- Exercise brief -
What's needed is the listing below, repeated word for word with no pictures.

- Source data -

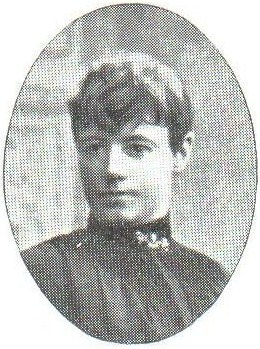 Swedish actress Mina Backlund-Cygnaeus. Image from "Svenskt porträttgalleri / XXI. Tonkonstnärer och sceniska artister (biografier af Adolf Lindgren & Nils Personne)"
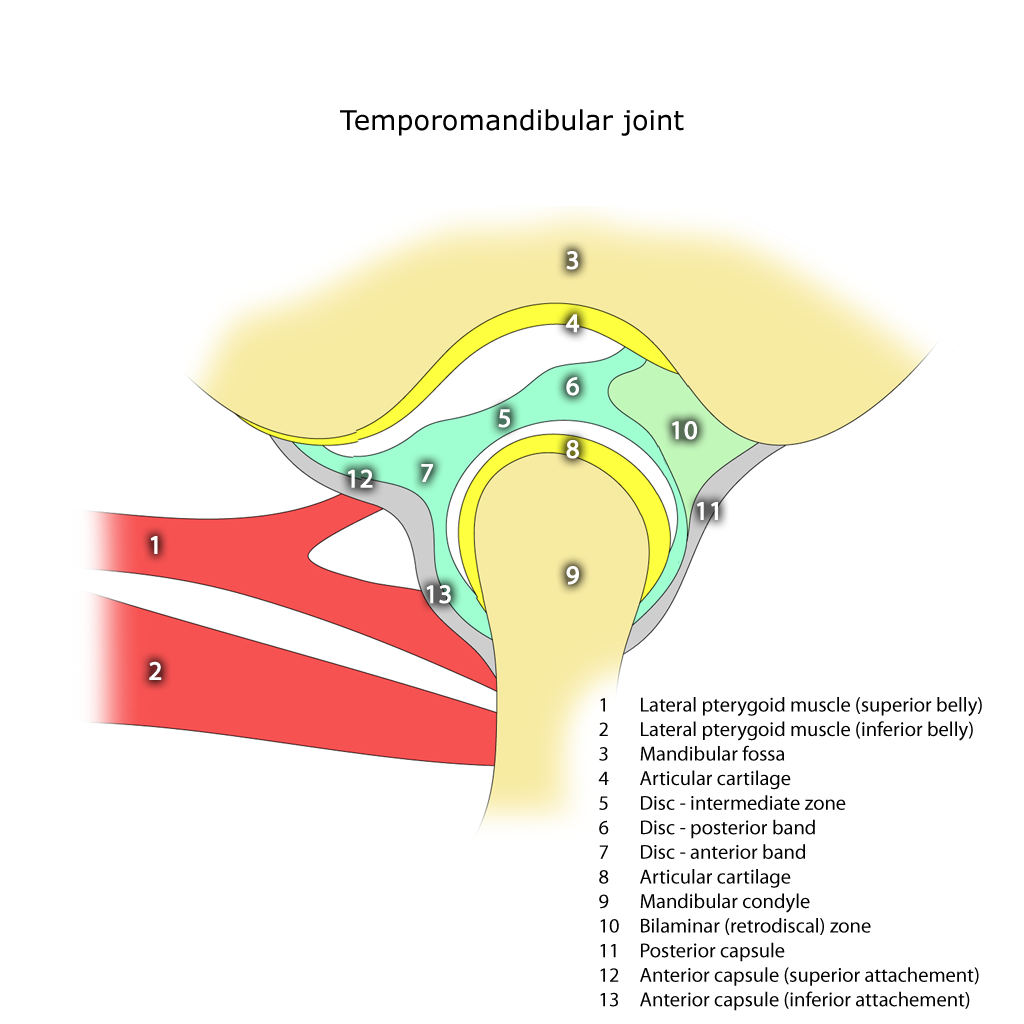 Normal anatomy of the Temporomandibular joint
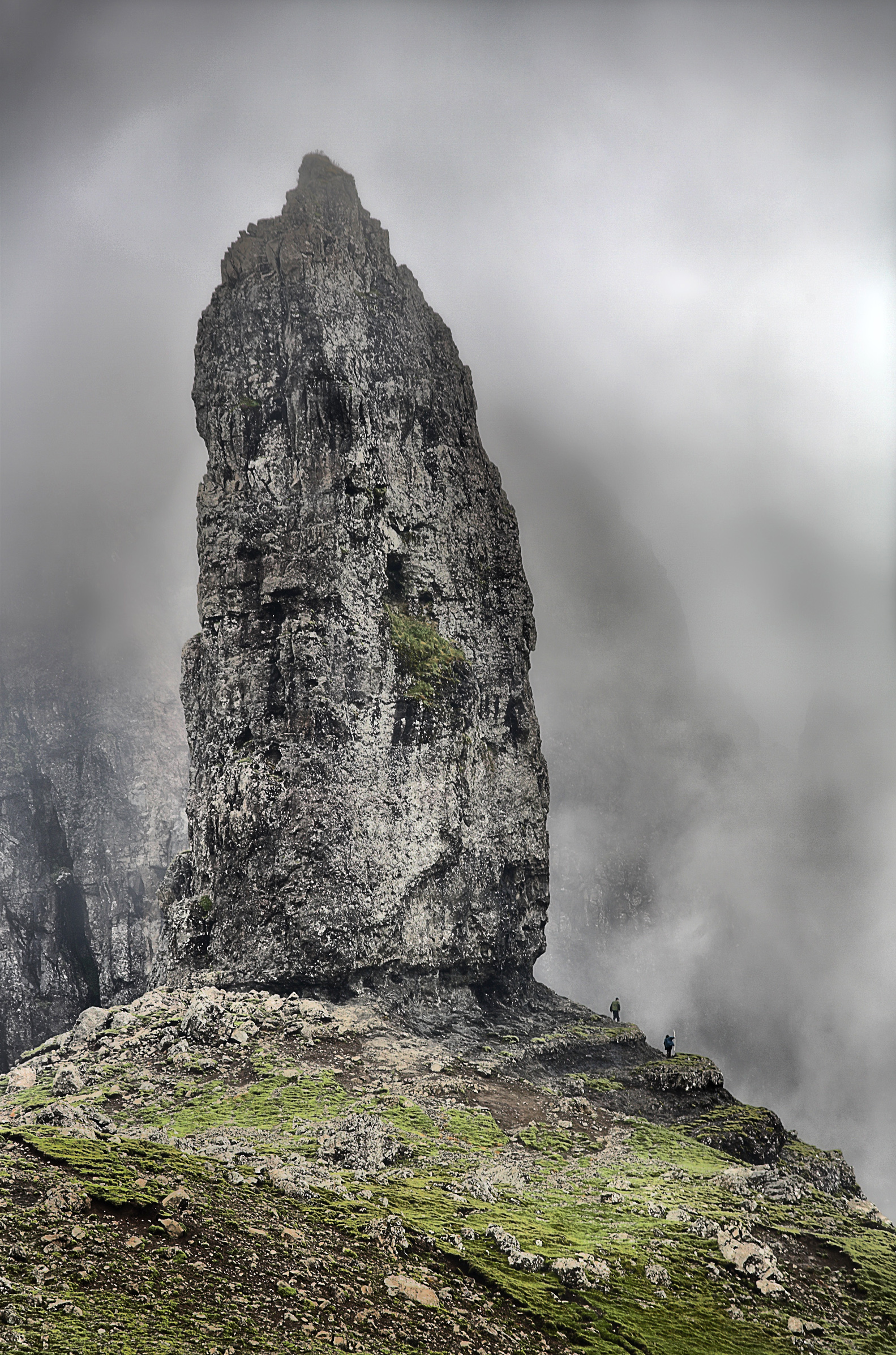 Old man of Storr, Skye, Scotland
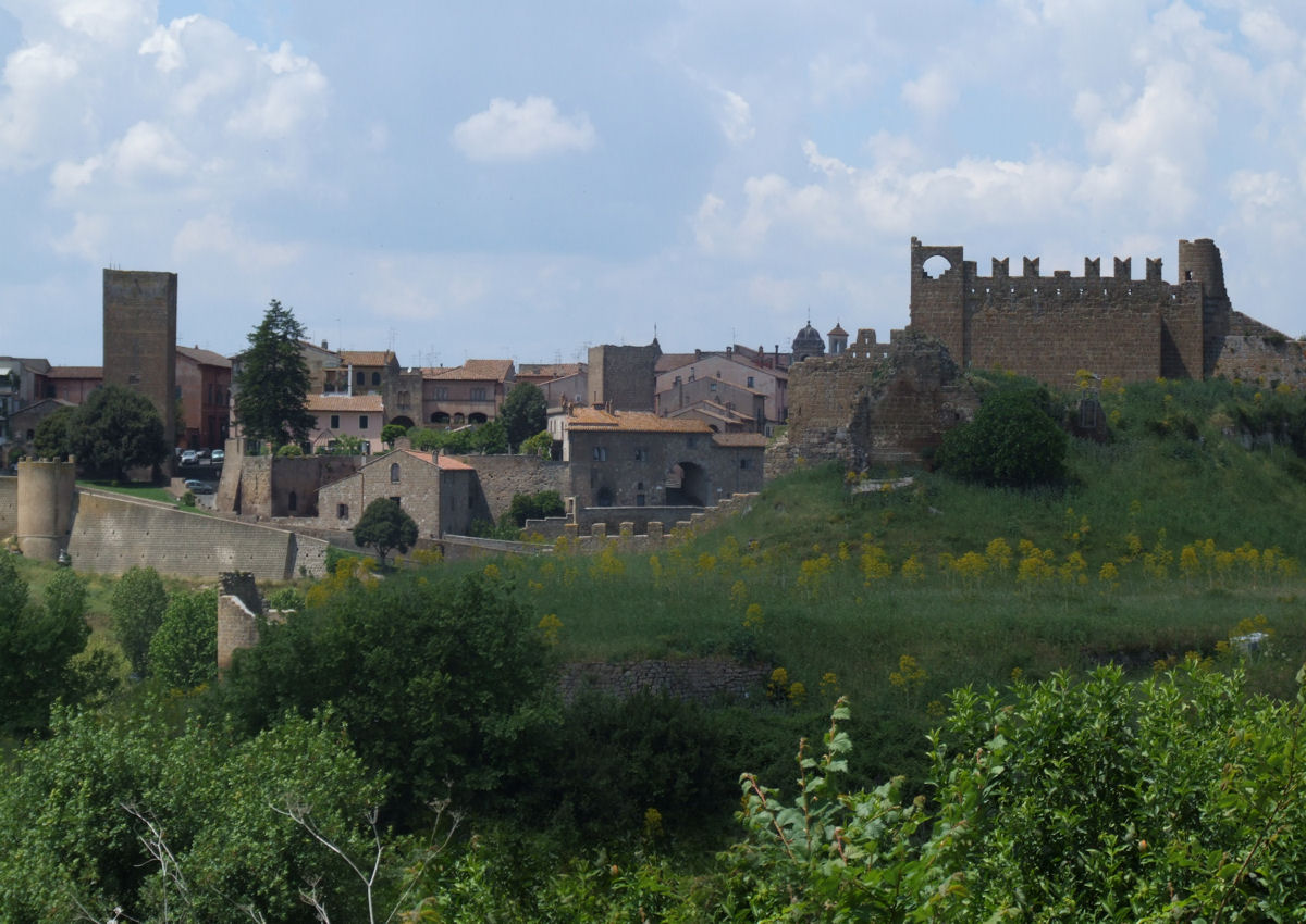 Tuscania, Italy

- Output for this task -
 Swedish actress Mina Backlund-Cygnaeus. Image from "Svenskt porträttgalleri / XXI. Tonkonstnärer och sceniska artister (biografier af Adolf Lindgren & Nils Personne)"
 Normal anatomy of the Temporomandibular joint
 Old man of Storr, Skye, Scotland
 Tuscania, Italy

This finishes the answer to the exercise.